Some experts say that if Angels Flight had a track braking system, it could have reduced the chances of injuries in an accident such as the one a month ago today in which one person was killed and seven injured.

"Some sort of track braking system could have decelerated the car and minimized the force of the impact," said USC civil engineering professor Najmedin Meshkati, who studied many of the documents for The Times. "If the track brake was coupled with some other mechanism such as a tail hook, it might have been able to stop it."

An executive for the now-defunct firm that designed the funicular's motor drive system defended the lack of an emergency track brake. "It was a safe system," said Michael Stephenson of Yantrak, which was based in Carson City, Nev. He declined to elaborate.

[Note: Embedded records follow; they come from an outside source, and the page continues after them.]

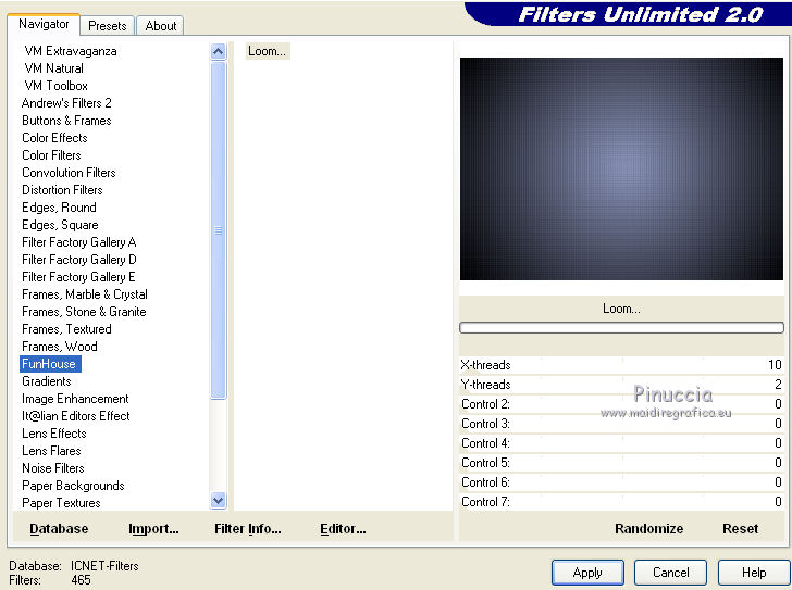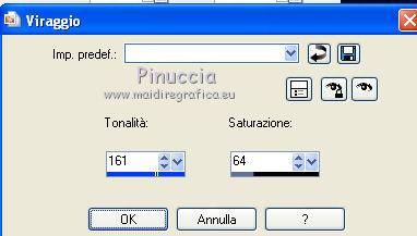 qui puoi trovare qualche risposta ai tuoi dubbi. Se l'argomento che ti interessa non è presente, ti prego di segnalarmelo. Per tradurre questo tutorial ho usato PSP X, ma può essere eseguito anche con le altre versioni di PSP. Questo tutorial è una creazione di ©Bluefay e non può essere copiato su altri siti nè essere offerto per il download. Lo stesso vale per la mia traduzione. Il materiale viene da vari gruppi di condivisione. Il copyright appartiene ai rispettivi autori. Grazie ai creatori dei tubes che mettono a disposizione il loro lavoro in vari gruppi di condivisione. Rispetta il lavoro degli autori, non cambiare il nome del file e non cancellare il watermark. Occorrente: Materiale qui Filtri: Filters Unlimited 2.0 qui Funhouse - Loom qui Ti servirà anche Animation Shop qui ![]() Apri tutto il materiale in PSP, comprese le maschere. 1. Scegli due colori dal tube Love IB33-tube-colombe. 2. Imposta il colore di primo piano con il colore chiaro (il mio #8993b8), e il colore di sfondo con il colore scuro (il mio #010102). 3. Passa il colore di primo piano a Gradiente. ![]() 4. Apri una nuova immagine trasparente 650 x 450 pixels, e riempila con il gradiente.5. Effetti>Plugins>Filters Unlimited - Funhouse - Loom. ![]() 6. Effetti>Effetti di bordo>Aumenta. 7. Apri il tube "bluefay blue balken" e vai a Modifica>Copia. 8. Torna al tuo lavoro e vai a Modifica>Incolla come nuovo livello. 9. Apri il tube "love IB33 tube Colombe" e vai a Modifica>Copia. 10. Torna al tuo lavoro e vai a Modifica>Incolla come nuovo livello. 11. Effetti>Effetti 3D>sfalsa ombra, con il colore nero. ![]() Ripeti l'Effetto Sfalsa ombra, con il colore nero e i seguenti settaggi. ![]() 12. Apri il tube "Amomentsooner" e vai a Modifica>copia. 13. Torna al tuo lavoro e vai a Modifica>Incolla come nuovo livello. Sposta il tube a destra, come nel mio esempio.14. Effetti>Effetti 3D>Sfalsa ombra, con il colore nero. ![]() 15. Regola>Tonalità e saturazione>Viraggio, con i valori corrispondenti al tuo colore chiaro di primo piano. ![]() 16. Livelli>Unisci>Unisci giù. 17. Livelli>Nuovo livello raster. Selezione>Seleziona tutto. Riempi con il colore bianco.18. Selezione>Modifica>Contrai - 1 pixel. Premi sulla tastiera il tasto CANC. 19. Selezione>Deseleziona. 20. Livelli>Unisci>Unisci giù. 21. Apri il tube "bluefay bluelinien" e vai a Modifica>copia. 22. Torna al tuo lavoro e vai a Modifica>Incolla come nuovo livello. 23. Livelli>Disponi>Sposta giù. 24. Aggiungi il tuo nome e/o il tuo watermark su un nuovo livello. 24. Attiva il livello del tube "bluefay bluelinien". Regola>Aggiungi/Rimuovi disturbo>Aggiungi disturbo. ![]() 25. Modifica>Copia Unione. Se stai usando PSP X2: Modifica>Copia Speciale>Copia Unione 26. Apri Animation Shop e vai a Modifica>Incolla>Incolla come nuova animazione. 27. Torna in PSP. Modifica>Annulla azione Aggiungi disturbo. 28. Regola>Aggiungi/Rimuovi disturbo>Aggiungi disturbo, e porta il disturbo a 30. 53. Modifica>Copia Unione. Torna in Animation Shop e vai a Modifica>Incolla>Incolla dopo il fotogramma corrente. Modifica>Seleziona tutto. Animazione>Proprietà fotogramma e imposta la velocità a 8. ![]() Controlla il risultato cliccando su Visualizza e salva in formato gif.![]() Se hai problemi o dubbi, o trovi un link non funzionante, o anche soltanto per un saluto, scrivimi 19 Luglio 2010 |
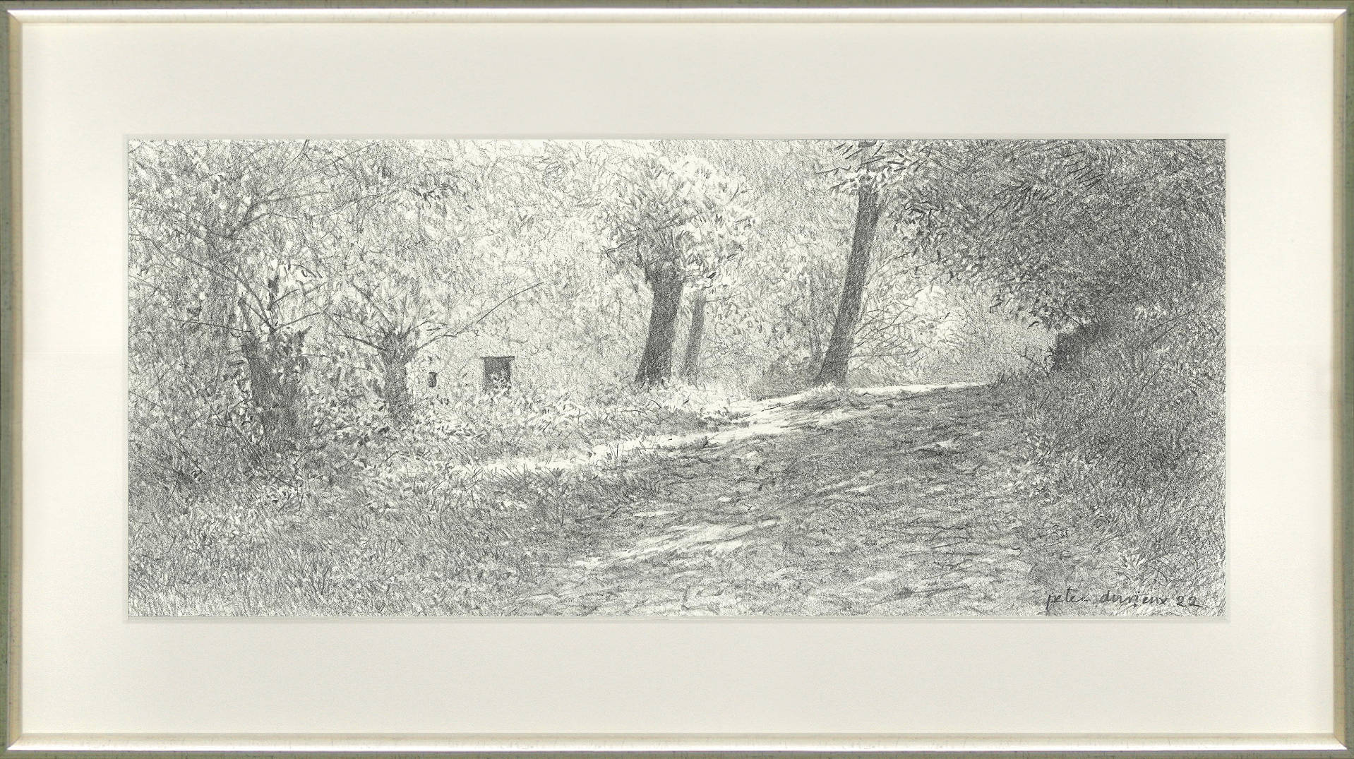 Het schilderij is 13 x 30 cm en voorzien van een zilveren houten lijst met passepartout en glas. De totale afmeting is 30 x 48 cm
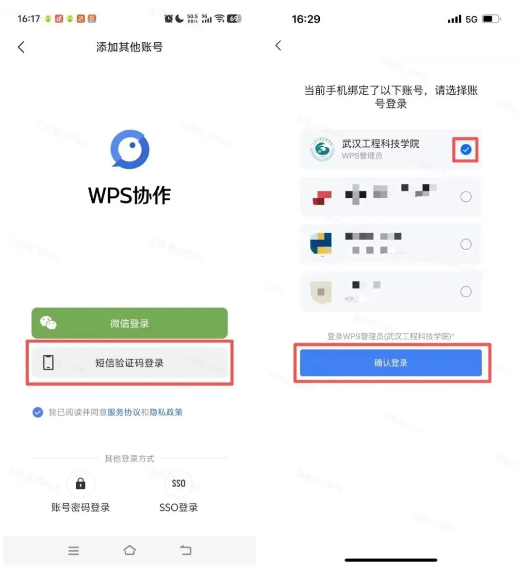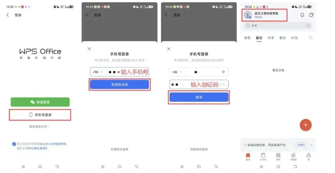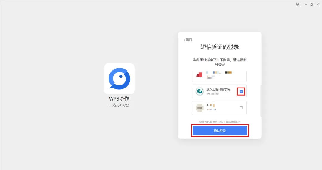 激活WPS Office账号后,打开WPS协作客户端—选择【短信验证码登录】—输入手机号和验证码—选择武汉工程科技学院账号点击【确认登录】即可使用校园账号。

Christopher Bisgaard, a private attorney hired by the CRA to investigate the accident, said the agency is withholding detailed comment until it completes its own investigation.

"The CRA believes it acted reasonably," Bisgaard said regarding the construction project.

Ongoing Probe of Fatal Accident

On Feb. 1, an 83-year-old Holocaust survivor from New Jersey was killed, and his wife and six others were injured when one of the funicular's two cable cars hurtled down the steep track and collided with its twin. Federal investigators found that cable had unraveled from one of the system's two drums, and they are seeking to determine why.